You can set other compiling parameters for your own need. I.E. if you are trying to minimize the library size, set `CMAKE_BUILD_TYPE` with `MinSizeRel`; or if the performance is your concern, set `CMAKE_BUILD_TYPE` with `Release`. You can even manipulate the PaddlePaddle compiling procedure by manually set `CMAKE_C/CXX_FLAGS` values.

**TIPS for a better performance**:

- set `CMAKE_BUILD_TYPE` with `Release`
- set `IOS_USE_VECLIB_FOR_BLAS` with `ON`

## Compile and install

After CMake, run following commands, PaddlePaddle will download the compile 3rd party dependencies, compile and install PaddlePaddle inference library.

```
$ make
$ make install
```

Please Note: if you compiled PaddlePaddle in the source directory for other platforms, do remove `third_party` and `build` directory within the source with `rm -rf` to ensure that all the 3rd party libraries dependencies and PaddlePaddle is newly compiled with current CMake configuration.

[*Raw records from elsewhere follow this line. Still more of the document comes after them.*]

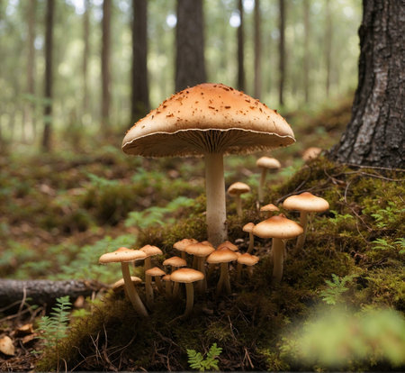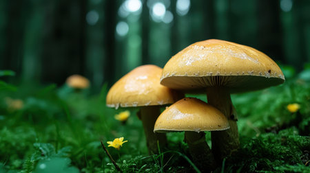 A group of mushrooms sitting on top of a lush green forest. Generative AI image.
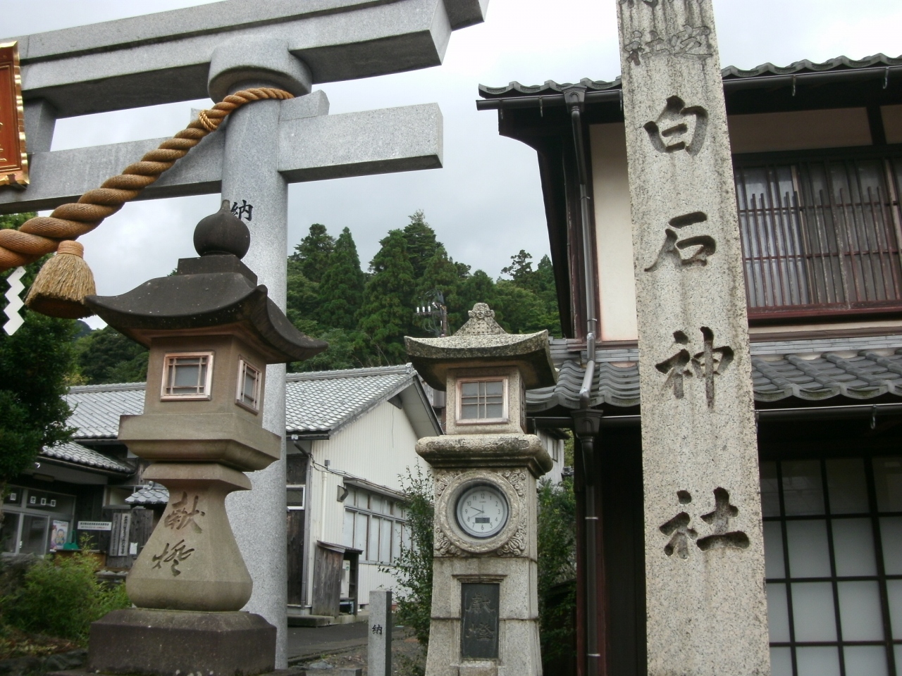 道沿いの参道入り口にある鳥居のそばに、時計を組み込んだ珍しい石灯籠があります。その先、山道を進み階段を登ると本殿が見えてきます。
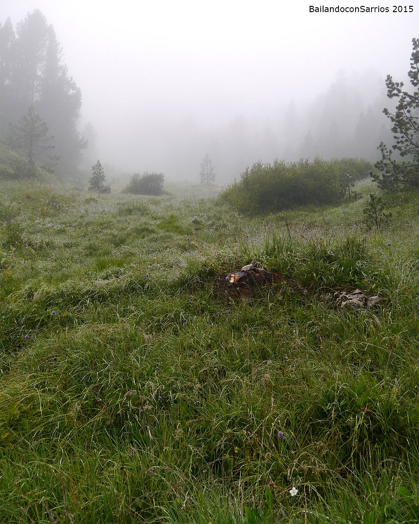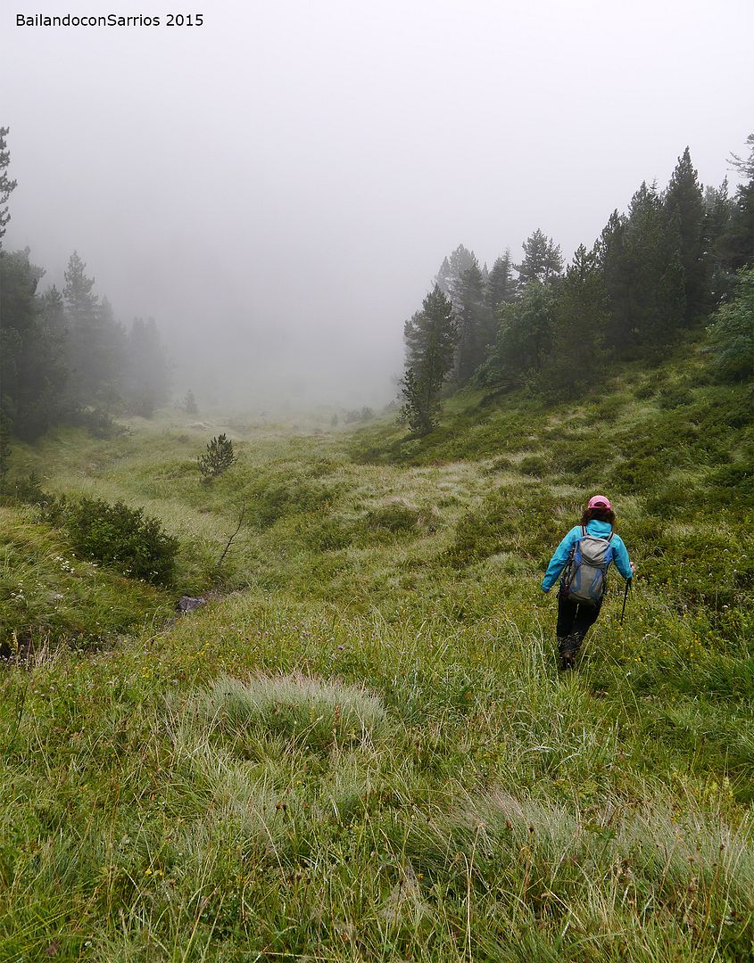 Vamos descendiendo siguiendo los rastros de senda... nos desviamos de la traza de subida pero, a cambio, alcanzamos los denominados Corraus d'Espanha, desde donde podremos descender mucho más cómodamente hasta el punto de partida.

`your/path/to/install` directory will have following directories after `compile` and `install`:

- `include`, contains all the C-API header files.
- `lib`, contains PaddlePaddle C-API static library.
- `third_party` contains all the 3rd party libraries.

Please note: if PaddlePaddle library need to support both physical devices and simulators, you will need to compile correspondingly, then merge fat library with `lipo`

Now you will have PaddlePaddle library compiled and installed, the fat library can be used in deep learning related iOS APPs. Please refer to C-API documentation for usage guides.